### [Task item]
The records that follow should be returned exactly, pictures excluded.

- - - -

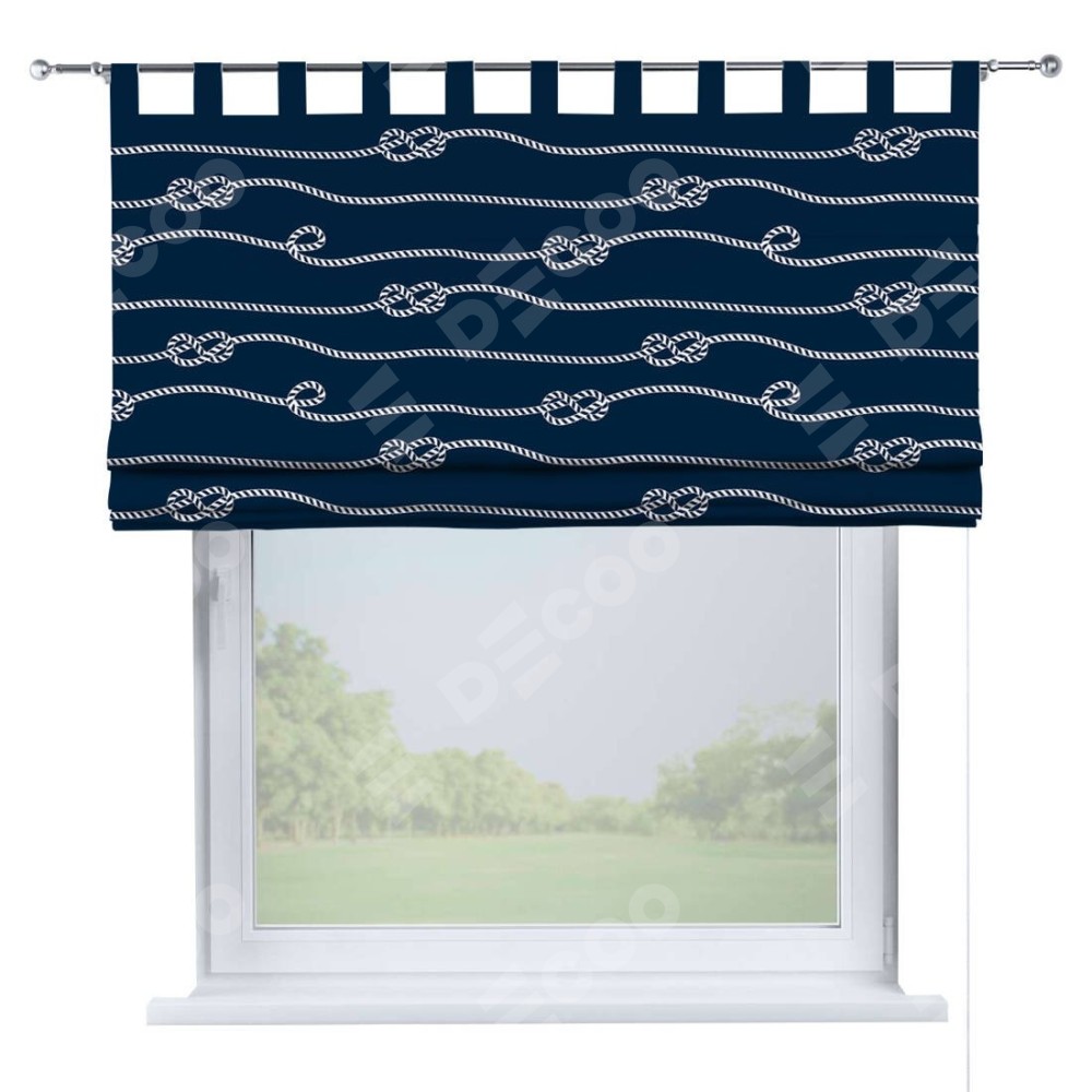 Римская штора производителя «Cortin», используется для проёма, пошита из ткани блэкаут с нанесением сублимационной печати «Морской узел». Данная модель пошита на петлях, комплектуется на выбор круглым карнизом и подходит для монтажа на стену. Римская штора на петлях имеет простую систему регулировки высоты, отличительным преимуществом данной модели является простой способ монтажа. Достаточно повесить ее на трубу и штора готова!
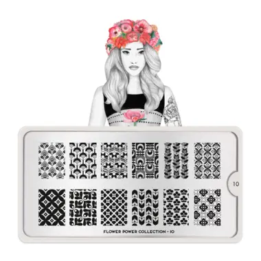 Flower Power 10 šablon pločica napravljena je od visoko kvalitetnog nerđajućeg čelika sa velikim izborom ugraviranih šara i pozadinom od vinila, za jednostavnu upotrebu.
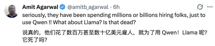 但社交媒体上,网友们对Meta花上亿美元挖角的员工们选择套壳Qwen开源模型进行了大量调侃。
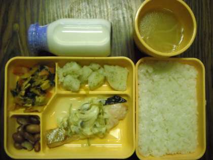 ごはん・鮭のマヨネーズソース・こふき芋・豚キムチ・金時豆の甘煮・味噌汁
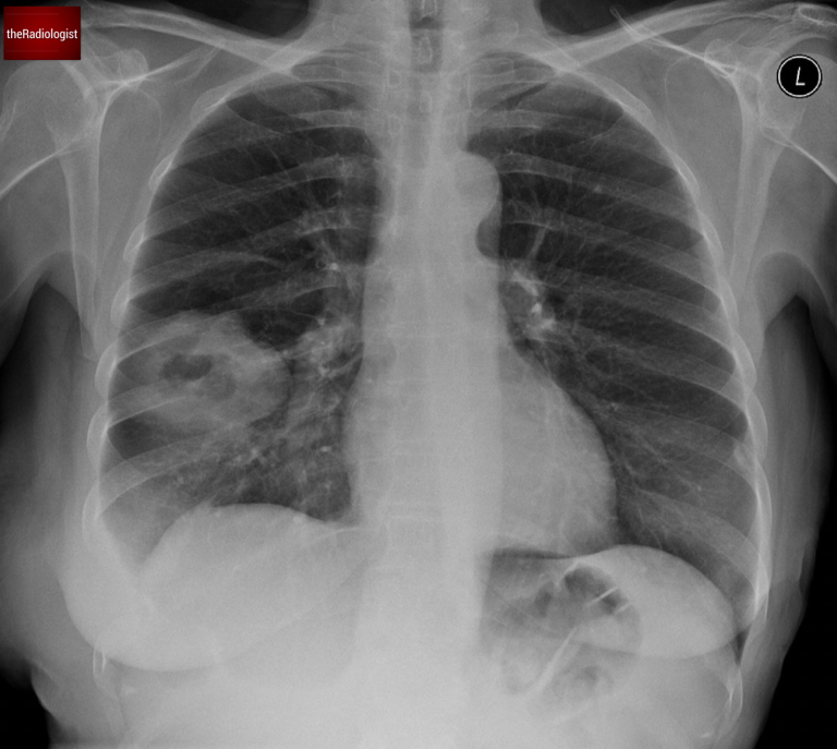 A single cavitating lesion does not always mean lung cancer. In a separate case, a female patient in her 60s presented with a history of cough and fever, along with imaging that showed a cavitating lesion in the right lung. Have a look at the X-Ray below:
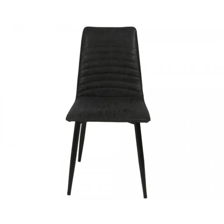 Elegant spisebordsstol i sort tekstillæder, med patina look. Spisebordsstolen har et smukt og iøjnefaldende design, der kombinerer retrolook med moderne formsprog. Du får her en utraditionel og unik spisebordsstol uden at gå på kompromis med komfort eller funktionalitet
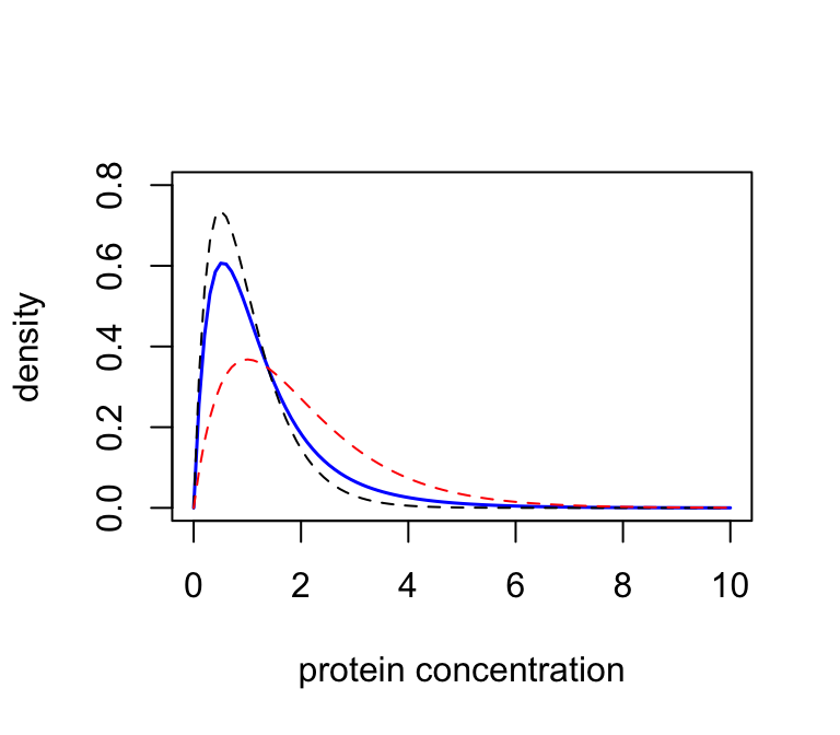 This distribution is an example of a “mixture distribution” (in particular, it is a “mixture of two Gamma distributions”). Here we plot the density of this mixture distribution (solid blue), as well as the densities of the individual distributions that were combined to make the mixture (the dashed black line for “normal”, the dashed red line for “diseased”). In mixture terminology, these individual distributions are called the “component distributions”.

- - - -

### [Written reply]
 Римская штора производителя «Cortin», используется для проёма, пошита из ткани блэкаут с нанесением сублимационной печати «Морской узел». Данная модель пошита на петлях, комплектуется на выбор круглым карнизом и подходит для монтажа на стену. Римская штора на петлях имеет простую систему регулировки высоты, отличительным преимуществом данной модели является простой способ монтажа. Достаточно повесить ее на трубу и штора готова!
 Flower Power 10 šablon pločica napravljena je od visoko kvalitetnog nerđajućeg čelika sa velikim izborom ugraviranih šara i pozadinom od vinila, za jednostavnu upotrebu.
 但社交媒体上,网友们对Meta花上亿美元挖角的员工们选择套壳Qwen开源模型进行了大量调侃。
 ごはん・鮭のマヨネーズソース・こふき芋・豚キムチ・金時豆の甘煮・味噌汁
 A single cavitating lesion does not always mean lung cancer. In a separate case, a female patient in her 60s presented with a history of cough and fever, along with imaging that showed a cavitating lesion in the right lung. Have a look at the X-Ray below:
 Elegant spisebordsstol i sort tekstillæder, med patina look. Spisebordsstolen har et smukt og iøjnefaldende design, der kombinerer retrolook med moderne formsprog. Du får her en utraditionel og unik spisebordsstol uden at gå på kompromis med komfort eller funktionalitet
 This distribution is an example of a “mixture distribution” (in particular, it is a “mixture of two Gamma distributions”). Here we plot the density of this mixture distribution (solid blue), as well as the densities of the individual distributions that were combined to make the mixture (the dashed black line for “normal”, the dashed red line for “diseased”). In mixture terminology, these individual distributions are called the “component distributions”.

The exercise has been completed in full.